The above proof shows not only the existence of a good map, we also get that a random map as above works with constant probability! In other words, a Monte-Carlo randomized algorithm for dimension reduction. (Since we can efficiently check that the distances are preserved to within the prescribed bounds, we can convert this into a Las Vegas algorithm.)
The algorithm (at least the Monte Carlo version) does not even look at the set of points $X$ : it works for any set $X$ with high probability.

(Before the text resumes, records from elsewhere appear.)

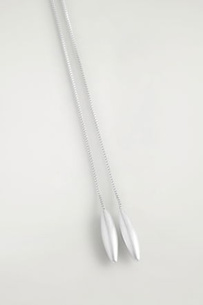 Suspended from a silk ribbon, this necklace features a silver-plated recycled-brass pendant that's sculpted in the natural shape of a shell. The softly curved charm is designed to be detached and clipped onto belt loops or a bag.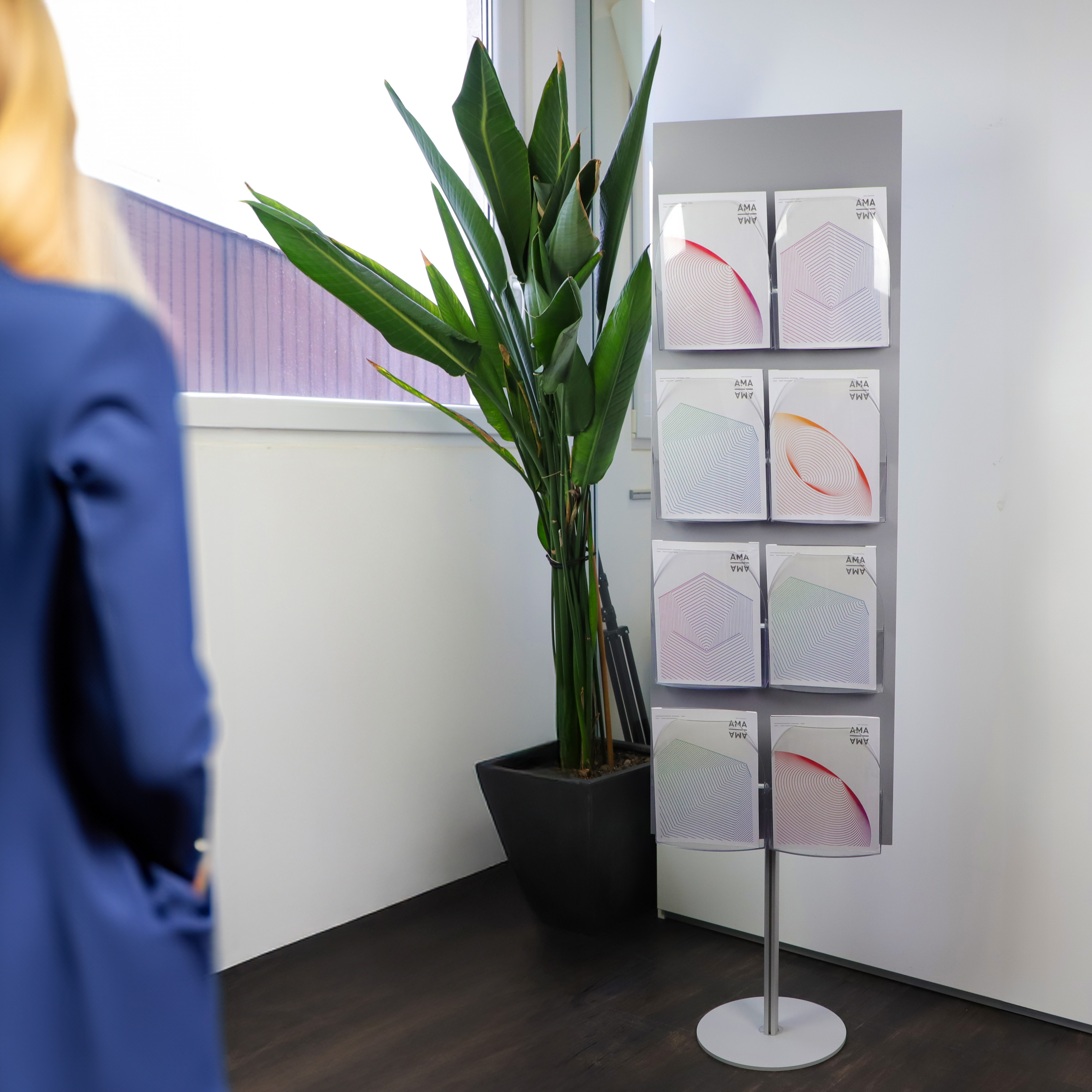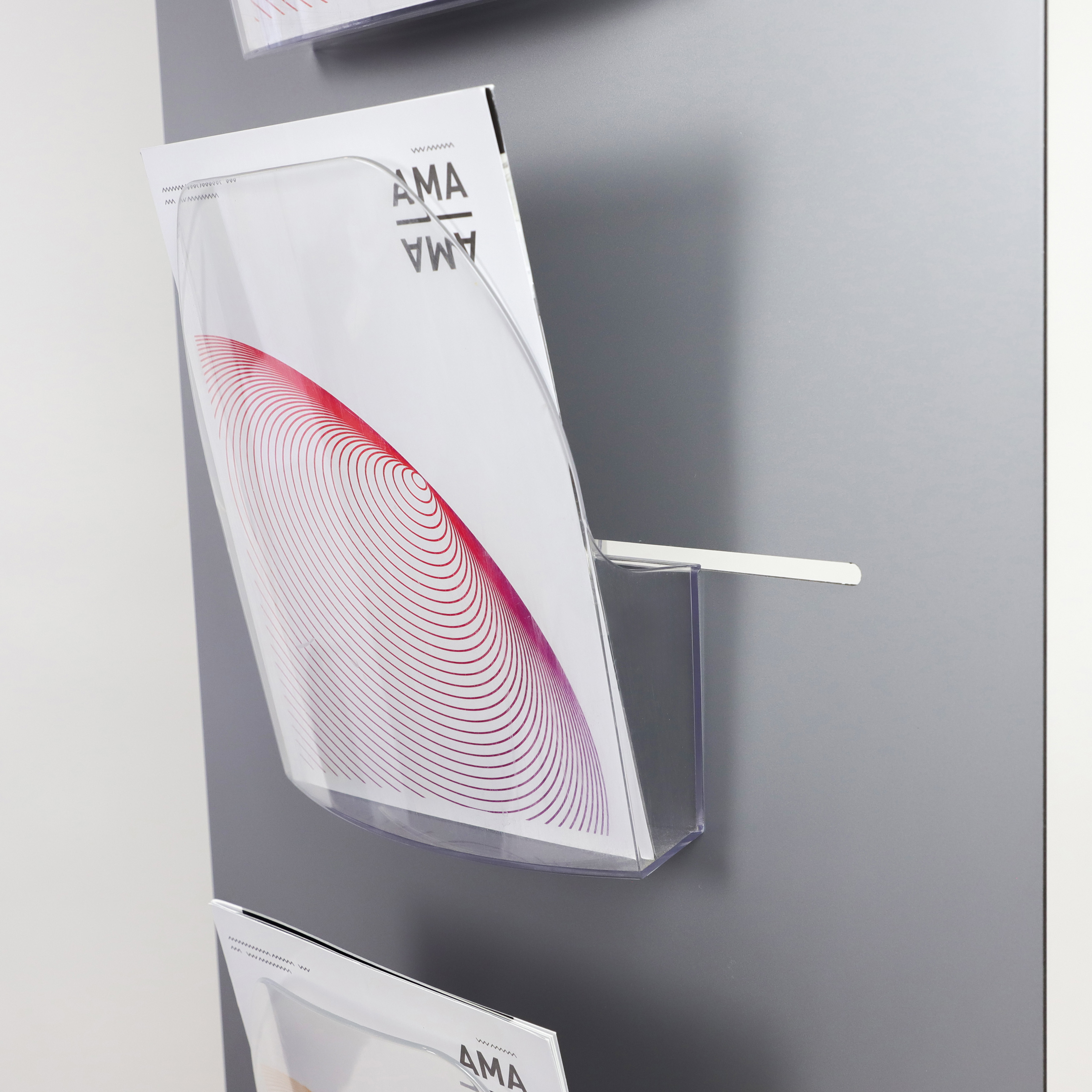 This free-standing brochure rack from the Dacapo series offers flexible organisation: the brochure trays for A4, A5 and A6 formats can be easily inserted, removed and rearranged.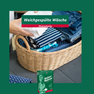 Was gibt es schöneres als frisch gewaschene kuschelweiche Wäsche… Ihr wollt aber keinen Weichspüler kaufen, weil sie der Umwelt schaden können? Ihr wollt weiche Baumwollhandtücher, die nicht mit herkömmlichen Weichspülern gewaschen werden sollen? Dann haben wir einen tollen #Kaiserhack für Euch. Ihr gebt 1 – 2 TL Kaiser-Natron® zum üblichen Waschmittel hinzu oder Ihr vermischt 1 – 2 TL Kaiser-Natron® mit 100 ml Wasser und gebt es ins Weichspülerfach der Waschmaschine und wascht dann ganz normal Eure Wäsche. Durch das Natriumhydrogencarbonat wird das Wasser enthärtet und die Wäsche besonders weich. Ihr spart dadurch Geld und Plastikmüll und schont die Umwelt. Bei Wolle und Seide sollte auf Natron verzichtet werden. Wir wünschen Euch viel Freude mit der kuschelweichen Wäsche.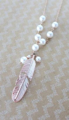 Rose Gold Feather Necklace Swarovski pearl beaded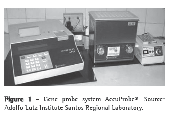 The use of the gene probe system AccuProbe® (Gen-Probe Inc., San Diego, CA, USA) was performed by the IAL Santos Regional Laboratory. This is a molecular method that uses an acridine ester-labeled single-stranded DNA probe complementary to the rRNA of the target microorganism. After cell lysis, the rRNA is released, and the labeled probe combines with the rRNA, forming a probe+rRNA complex. The complex formed is detected by chemiluminescence using a luminometer, the amount of light produced being proportional to the amount of probe+rRNA complex present in the sample.(6,11) The manufacturer recommendations were strictly followed throughout the procedure.(13)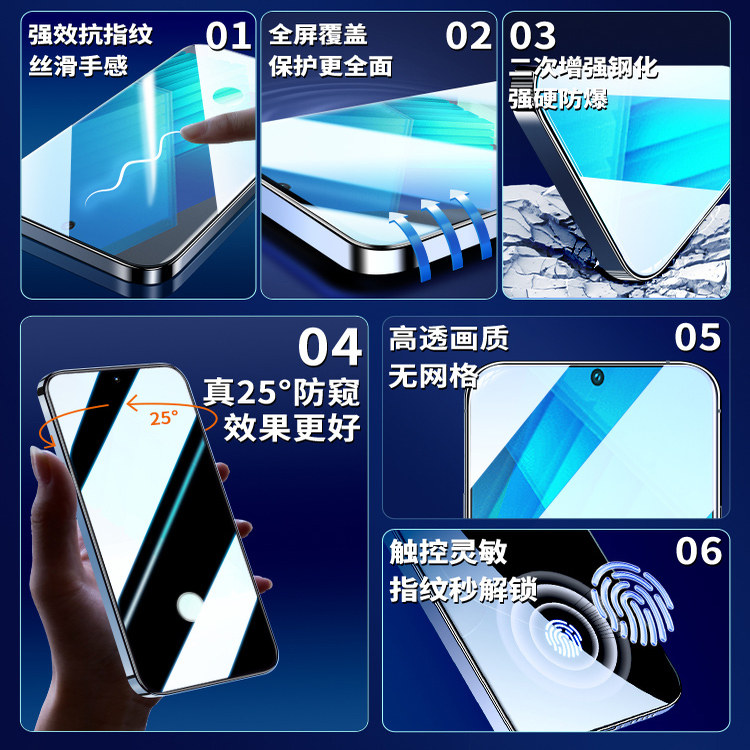 📚 适用iqooneo7钢化膜iqoo15手机膜iqoo13/12防窥膜vivoiqooneo8pro9竞速版iqooz9turbo指纹解锁vivo10偷窥11s

Hence, we can pick this map $A$ before the points in $X$ arrive.
Two issues: the matrix A we sample above has real-valued entries, and it is very dense, i.e., each entry is non-zero (with probability 1). This is not very practical.
To deal with the first issue, we can replace the matrix $A$ with a random matrix $A$ with i.i.d. entries, and then normalize the columns of $A$ to have unit norm. This is called the Gaussian Random Projection.
the second method is to use a sparse random matrix $A$ . This is called the Sparse Random Projection. The paper by Kane and Nelson (2014) shows there exists a way of sampling A to ensure that there is only at most $O(\frac{\log n}{\epsilon})$ non-zero entries per column. (The distribution here cannot correspond to simple entry-wise independent sampling anymore.) (Kane & Nelson, 2014).
The paper by Achlioptas et al. (2003) shows that sampling each entry of $A$ independently from a Bernoulli distribution with parameter $p$ works well. For instance, $+1$ with probability $1/6$ , $-1$ with probability $1/6$ , and $0$ with probability $2/3$ . This is called the Bernoulli Random Projection (Achlioptas, 2003).
Natural question: Can we have such a strong dimensionality reduction phenomena also for other distances, e.g., $\ell_1$ or $\ell_{\inf}$ norms?
Unfortunately, no. It turns out that $\ell_2$ -norm is very special.

Achlioptas, D. (2003). Database-friendly random projections: Johnson-Lindenstrauss with binary coins. Journal of Computer and System Sciences, 66(4), 671–687.
Blum, A., Hopcroft, J., & Kannan, R. (2020). Foundations of data science. Cambridge University Press.
Kane, D. M., & Nelson, J. (2014). Sparser johnson-lindenstrauss transforms. Journal of the ACM (JACM), 61(1), 1–23.